As previous literature updates, we have performed a PubCrawler search looking for football articles in NCBI Medline (PubMed) and GenBank databases.
Following studies were retrieved for this week:
#1 The Effectiveness of Preventive Programs in Decreasing the Risk of Soccer Injuries in Belgium: National Trends Over a
Decade
Authors: Bollars P, Claes S, Vanlommel L, Van Crombrugge K, Corten K, Bellemans J.
Reference: Am J Sports Med. 2014 Jan 30. [Epub ahead of print]

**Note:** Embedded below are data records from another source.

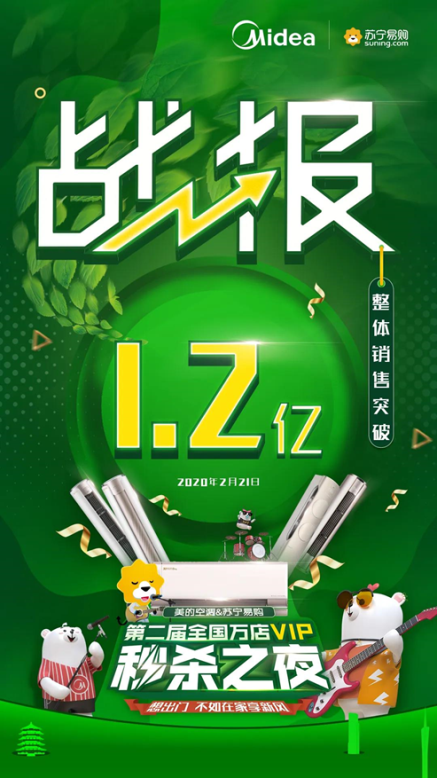 一季度受疫情影響,不僅消費需求受重創(chuàng),線下活動也受到?jīng)_擊。在此背景下,蘇寧美的迅速調整模式,發(fā)力直播秒殺、打通雙線銷售。2月21日,蘇寧聯(lián)合美的空調舉辦的第二屆“全國萬店微信秒殺之夜”結合直播和微信秒殺,整體銷售突破1.2億。4月,雙方不僅邀請到“好物推薦官”柳巖帶貨,更推出“百強星主播大賽”,借助直播平臺將門店優(yōu)質導購培養(yǎng)成帶貨達人,再為家電營銷啟發(fā)新思路。
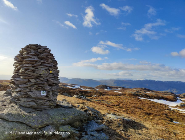 Turen gikk til Steinfjellet ved Olalia. Toppen ligger i Etne kommune, men turen startet fra Oppheim i Ølen. Jeg fulgte grusveien innover til nordenden av Ongelsvatnet. Her fant jeg stien som er inntegnet på kartet. Den var merket med gulmalte pinner og steiner, og ellers ganske tydelig i terrenget. Noe myr, men ganske lettgått. Ett bratt parti, før det igjen flatet ut mot toppen. På toppen var det en stor, flott varde. Steinfjellet ligger inne som «telltur», så det var bare å sjekke inn via Norgeskart Friluftsliv.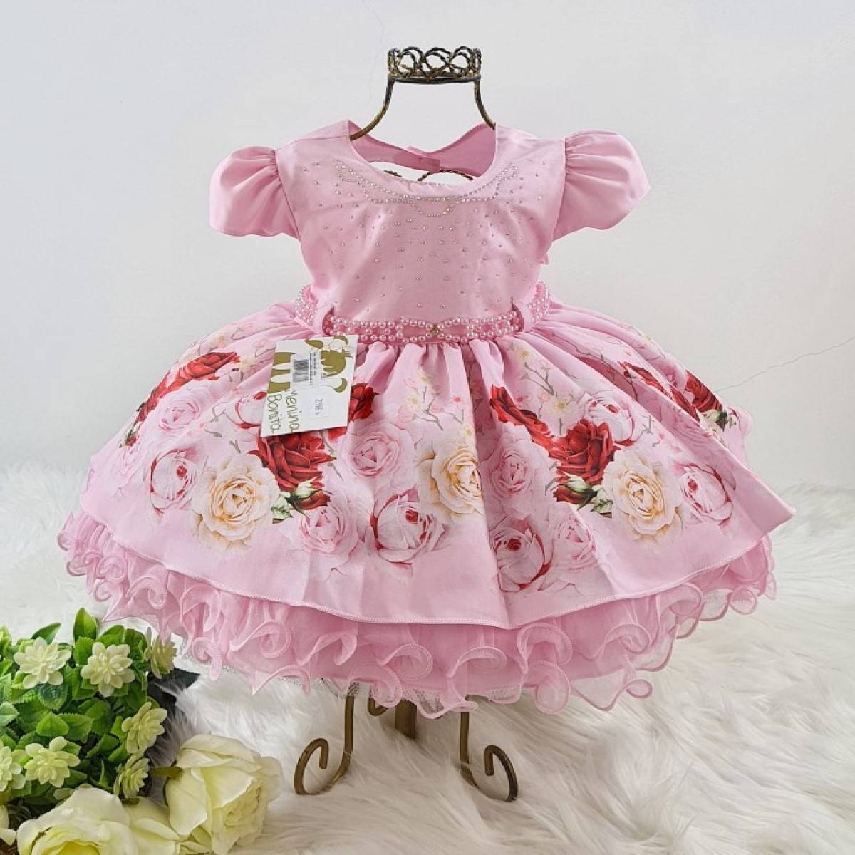 Vestido infantil manga curta, peito com aplicação de strass, saia estampa flores vermelhas, com acabamento babado tule. Cintura com passante para cintinho de pérolas sintéticas. Elástico nas costas ajustável ao corpo e laço broche.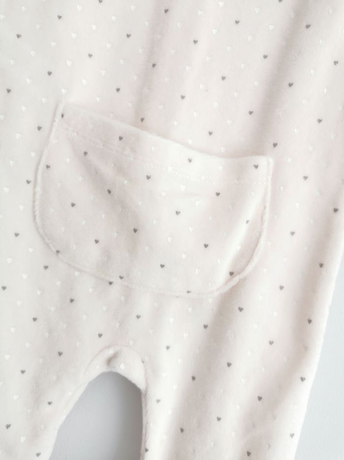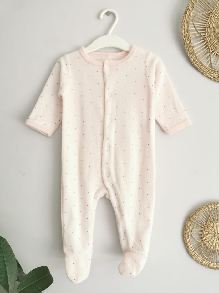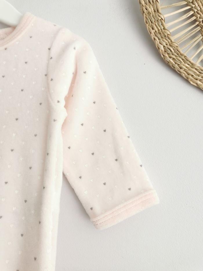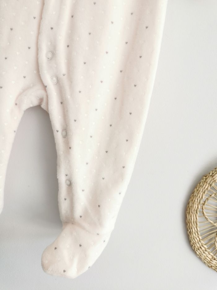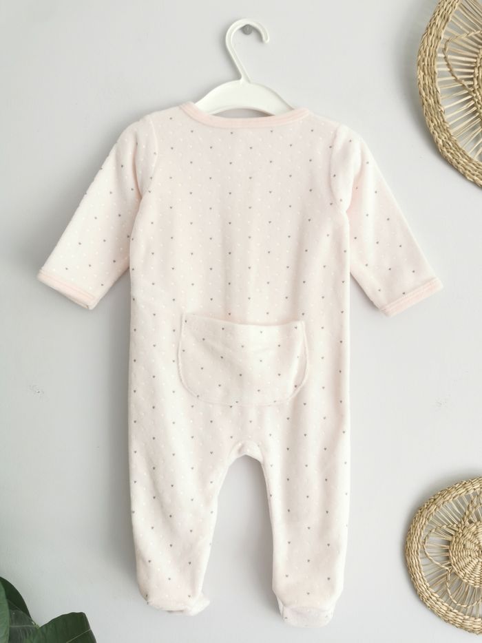 🧒 Pyjama velours ➕ bonnet ➕ moufles 🧒 Tex 🖊️ ÉTAT ✅️: Parfait👌- Jamais porté 🆕 🖊️ DESCRIPTION: ▪️Taille 6 Mois ▪️Matière: 76% coton - 24% polyester ▪️Tissu Velours tout doux ▪️Ouverture par boutons pression à l'avant ▪️Poche decorative à l'arrière ▪️Motifs: Petits cœurs gris et blanc 🤍🤍🤍 ▪️Couleur: Rose pâle 💙

Summary: Although characterized by a relatively high injury rate, soccer is the world's most popular sport. In Belgium, the national Royal Belgian Football Association involves
about 420,000 licensed players, whose injury reports are collected in a nationwide registry. Over a period of 10 years, the association has introduced the Fédération Internationale de Football
Association preventive programs and has initiated a stringent postponement policy of competition in case of nonoptimal weather conditions. HYPOTHESIS:The authors questioned whether these
preventive programs effectively decreased the incidence of soccer-related injuries. STUDY DESIGN:Descriptive epidemiology study. METHODS:The authors compared the incidence, location, timing, and
severity of all registered soccer injuries in Belgium during 2 complete seasons separated by a decade (1999-2000 vs 2009-2010). RESULTS:A total of 56,364 injuries were reported, with an average
of 6.8 injuries per 100 players per season. There was a 21.1% reduction in injury rate in the second season (rate ratio = 0.789; 95% confidence interval, 0.776-0.802), predominantly caused by a
significant reduction in injuries during the winter period. In both seasons, an injury peak was noted during the first 3 months of the season. Recreational players had a higher risk for injury
than national-level players (7.2 vs 4.4 injuries per 100 players per season; rate ratio = 1.64; 95% confidence interval, 1.59-1.69). The relative proportion of severe injuries was higher for
female players and male youth players in general. CONCLUSION:The introduction of injury preventive programs has led to a significant reduction of soccer-related injuries, especially during the
winter period. However, there is still room for improvement, and preventive programs can become more effective when specific parameters are targeted, such as adequate conditioning of players in
the preseason.
#2 Practice and play as determinants of self-determined motivation in youth soccer players
Authors: Hendry DT, Crocker PR, Hodges NJ.
Reference: J Sports Sci. 2014 Jan 30. [Epub ahead of print]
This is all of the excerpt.